Саша скорчила презрительную гримасу. Как так можно?!
Прозвенел звонок. Галдящая, безостановочно и беспорядочно движущаяся масса, начала «растекаться» в направлении разных классов.
С самого первого урока Сашу не покидало непонятное, раздражающее ощущение. Что-то было не так. Что не так, Саша понять не могла. Это напрягало и раздражало еще сильнее. Но чувство дискомфорта возникало на каждом уроке. После «операции по спасению» нерадивого бездельника Щукина, Саша неожиданно сделала для себя вывод, что на переменах никакого дискомфорта она не чувствует.
На математике, снова почуствовав необъяснимое напряжение и раздражение, Саша решила, что пора выяснить причину. Пока Алевтина Егоровна, еще в начале своей долгой учительской карьеры окрещенная Пифогоровной, писала на доске красивым с затейливыми завитушками почерком условие задачи, Саша резко развернулась и ее взгляд сразу же уперся в застывший взгляд Гошки Кулешова. Дернувшись, как будто его ужалили, Гошка вспыхнул, и опустив глаза, принялся очень старательно листать учебник геометрии.

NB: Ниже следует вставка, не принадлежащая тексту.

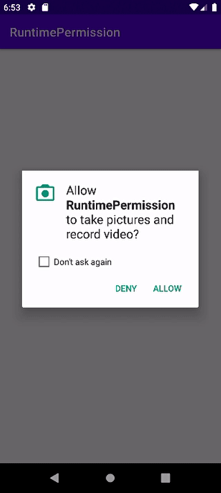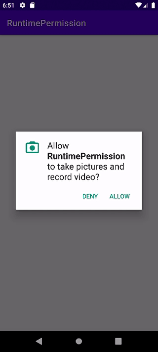 ActivityCompat.requestPermissions(this, new String[]{Manifest.permission.CAMERA}, SINGLE_PERMISSION);
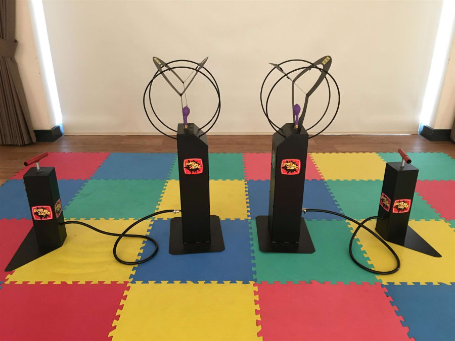 Bomb Squad is an explosive race against your opponent. On the word go you both start pumping as fast as you can. As you do this the balloon will start to inflate. The faster you pump the faster the balloon will inflate until it reaches the pins and when it does boooooom the balloon will explode and you win.
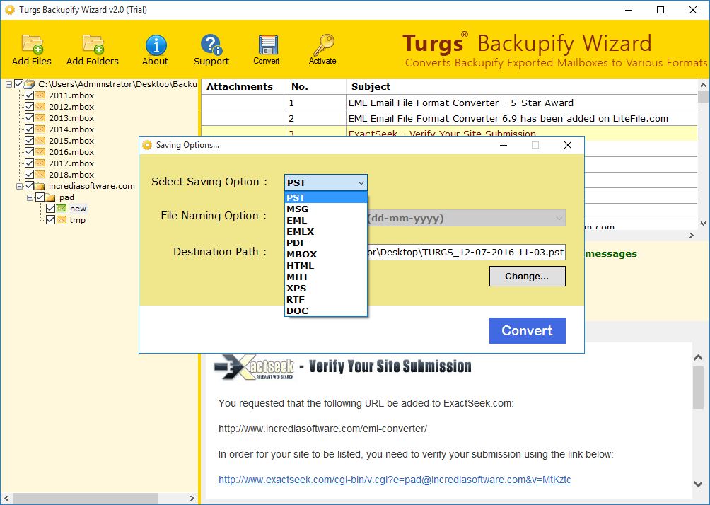 Backupify to Outlook converter provided by Turgs makes you able to access Backupify data in MS Outlook PST form or you can also convert your data in other file formats like MSG, EML, EMLX, PDF, MBOX, HTML, MHT, XPS, RTF, and DOC file formats. Backupify is an easy option to create backup of Cloud data in cloud for Gmail, Google Apps etc. But for ease of users, it also provides you an option to create archive of Backupify data into MBOX format that can be stored in local drive. You can access this data using MBOX supported email client but, if you want to access or convert Backupify data into Outlook PST then, you need to use some third party tools like Backupify to Outlook converter provided by Turgs. It also provides you an option to merge multiple MBOX files created by Backupify tool into single MBOX or PST file format. This tool is beneficial in many aspects like it preserves data integrity and emails metadata information like to, cc, bcc, sent/receive date & time. Etc, maintains fil
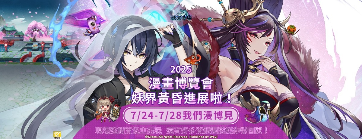 .精靈鬼:最美實況主精靈鬼將於 7 月 27 日出席,帶來有獎徵答及互動遊戲,並提供獎勵。舞台互動時間為 11:30~12:00、12:40~13:00、15:40~16:00,其餘時間將在《妖界黃昏》攤位推廣遊戲下載。
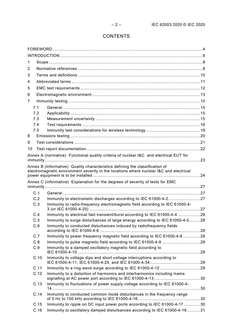 IEC 62003:2020 is a standard published by the International Electrotechnical Commission (IEC). Its full title is "Nuclear power plants - Instrumentation, control and electrical power systems - Requirements for electromagnetic compatibility testing". This standard covers: IEC 62003:2020 establishes requirements for electromagnetic compatibility testing of instrumentation, control, and electrical equipment supplied for use in systems important to safety at nuclear power plants and other nuclear facilities. The document lists the applicable IEC standards (principally the IEC 61000 series) which define the general test methods, and provides the necessary application-specific parameters and criteria to ensure that nuclear safety requirements are met. This second edition cancels and replaces the first edition published in 2009. This edition includes the following significant technical changes with respect to the previous edition: a) title modified. b) expand the scope to encompass Electromagnetic Magnetic Compatibility (EMC) considerations for electrical equipment. c) provide guidance for addressing the use of wireless technology. d) enhance the description of the electromagnetic environment to provide clarification when selecting custom test levels or for test exemptions. e) include example information to be contained within an EMC test plan. f) provide guidance for characterization of the electromagnetic environment at the point of installation within a nuclear facility.
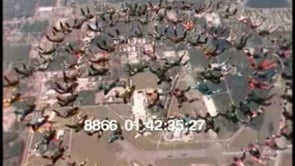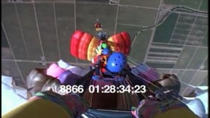 Female skydivers stack one on top of the otherStacked parachutes in air…
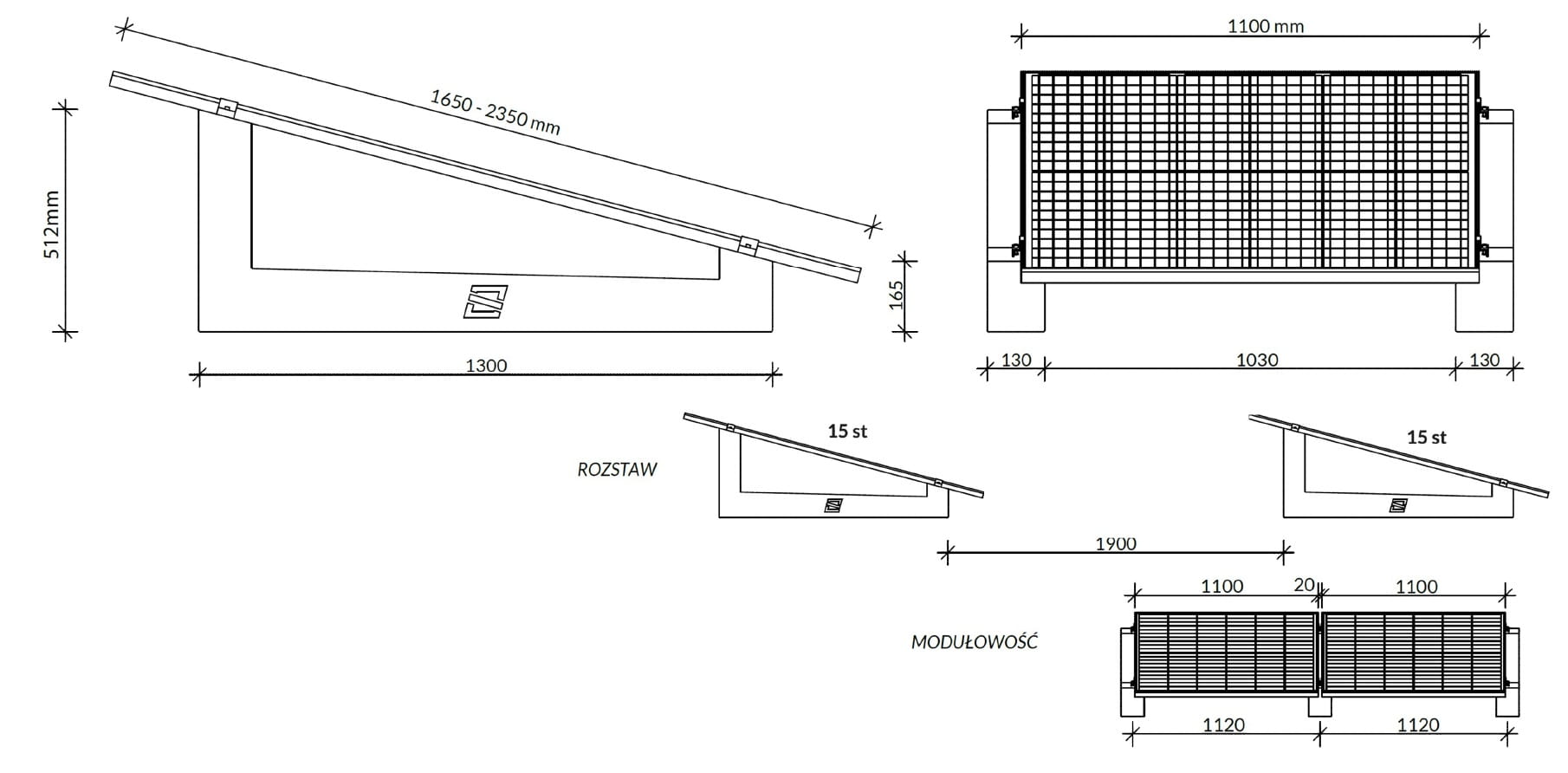 Montage sans perçage – les blocs de lest éliminent la nécessité de percer la couverture du toit. Le poids du béton assure un ancrage stable des panneaux même en cas de vent fort, protégeant l'installation contre les dommages mécaniques.
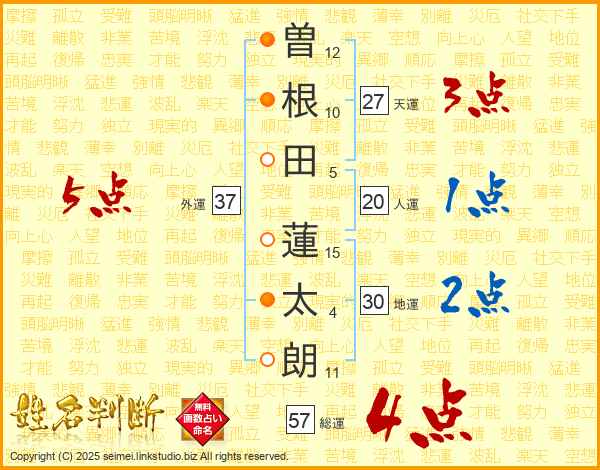 曽(12画)根(10画)田(5画) 蓮(15画)太(4画)朗(11画)
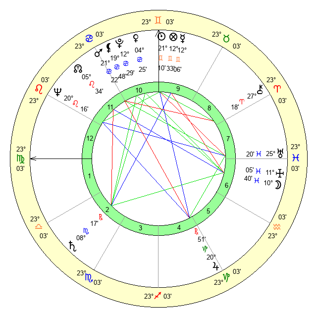 | Sun | 21 Gemini 11 | 21 Gemini 58 | 27 Virgo 12 |
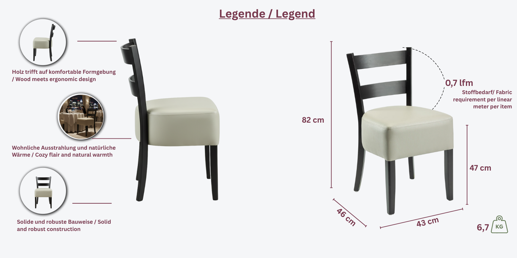 Der Stuhl verfügt über ein Gestell aus Buchenholz, das in verschiedenen Beiztönen erhältlich ist. Der Sitz und Rücken sind in Kunstleder oder Bezugsstoff erhältlich, sodass Sie das Design nach Ihren Wünschen anpassen können.
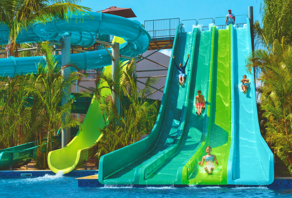 The main swimming spot features a swim-up bar, plus there’s an infinity pool pitched just steps from the sand. But, what’s a real hit with the kids is the onsite water park! It’s home to racer slides and tube chutes. Minimum height requirement to be met is 1.20m or 3.9 ft, meanwhile, to go on the slides, children must be 9-years-old at least. Children must use floats at all times.

Саша ошалело поморгала. С чего вдруг Кулешов сверлит ее взглядом, да еще таким странным, что она весь день чувствует себя не в своей тарелке. Он вроде нормальный, без заскоков. Это Щукин, который не делает домашнее задание, вечно ведет себя как клоун и от него чего хочешь можно ожидать. А Кулешов не такой. Вроде… Сначала Саша хотела просто подойти на следующей перемене к Гошке и спросить зачем он так смотрит на нее. Но потом она подумала что это как-то глупо будет выглядеть. Ну, смотрит. И что? Он так и скажет — хочу и смотрю, какие проблемы?
Последние два урока прошли «спокойно», без «слежки». Нервирующего ощущения больше не возникало. Видно, Кулешов насмотрелся. Ну и прекрасно…

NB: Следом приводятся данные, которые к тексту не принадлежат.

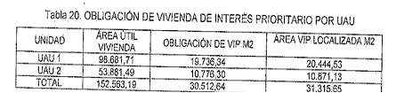 ARTÍCULO 42. OBLIGACIÓN DE VIVIENDA DE INTERÉS PRIORITARIO - VIP. En concordancia en el Decreto Nacional 1077 de 2015, en este Plan Parcial se destinará -como mínimo el 20% del área útil de los predios a la construcción de Vivienda de Interés Prioritario, que corresponde a 30.512,64 m2. Esta obligación se distribuye conforme la siguiente tabla y se muestra en el Plano FT4 LOCALIZACIÓN VIP (ver Tabla 20),
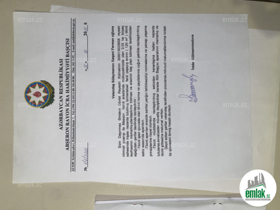 Torpağın 3sotu üçün fərdi yaşayış sərəncamı çıxarışı var və bütün sənədləri qaydasındadır. 2əd fərqli layihələrdə 1mərtəbəli və 2mərtəbəli ev üçün layihə çəkilib və icra hakimiyyəti tərəfindən təsdiqlənərək tikinti icazəsi alınıb. 2mərtəbəli evin bünövrəsi tökülüb.
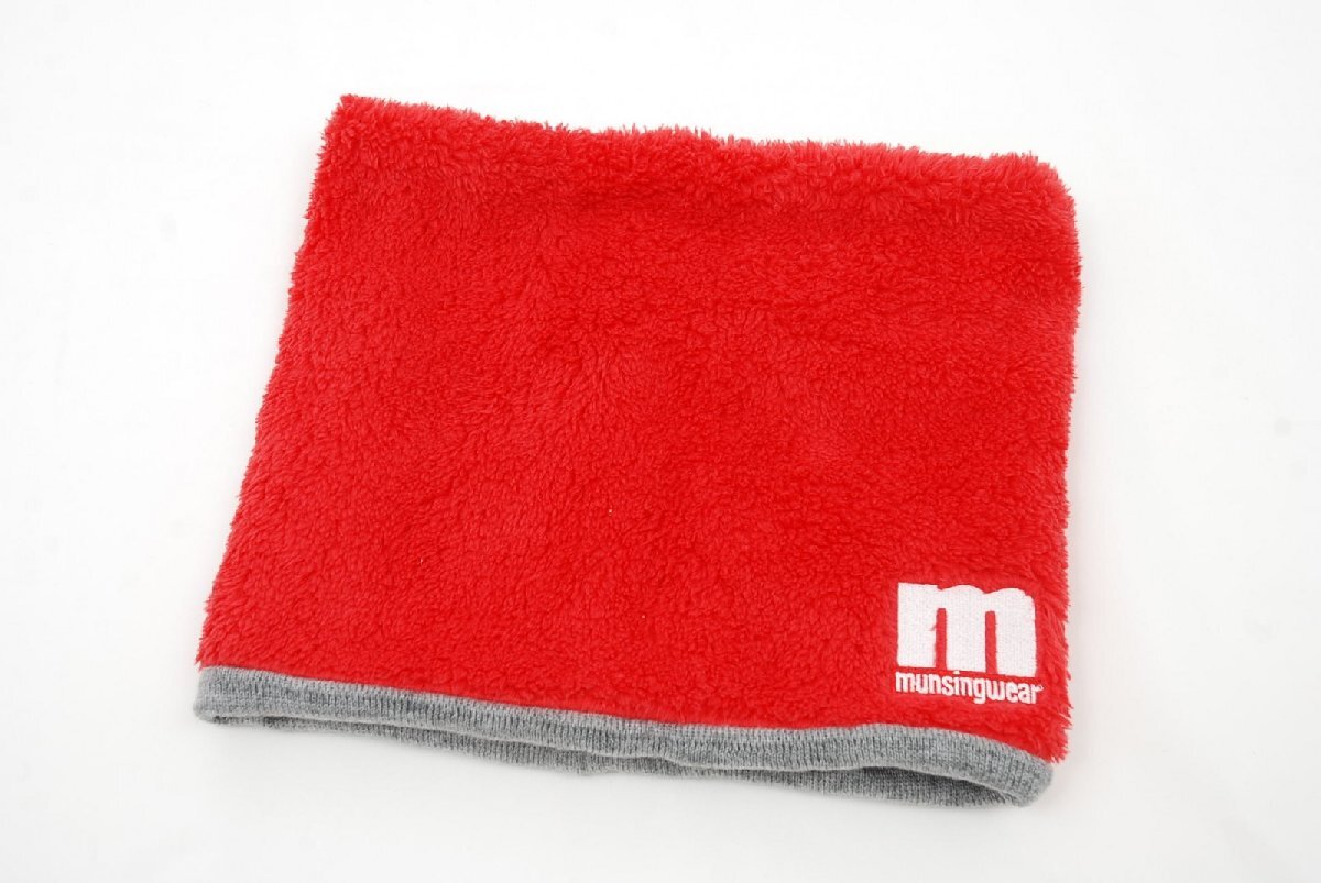 - coco 中古【値下げ】 マンシングウェア Munsing wear ネックウォーマー グレー×レッド 赤 ボア レターパックプラス発送可 85763

— Как прошел день? — поинтересовалась Вера Сергеевна у Саши, вернувшейся после окончания занятий в балетной школе.
— Нормально, мам.
Чмокнув мать в щеку, Саша уселась за стол. На улице уже начало темнеть. Как обычно, Саша пришла домой позже матери, вернувшейся с работы. После шести общеобразовательных уроков было еще четыре часа занятий — два яючаса хореографии и два техники танца. Потом еще полчаса проводился инструктаж по поводу предстоящего показательного выступления в одном из подмосковных театров. К счастью на завтра задали совсем немного, и она успела сделать всю домашку во время перерывов.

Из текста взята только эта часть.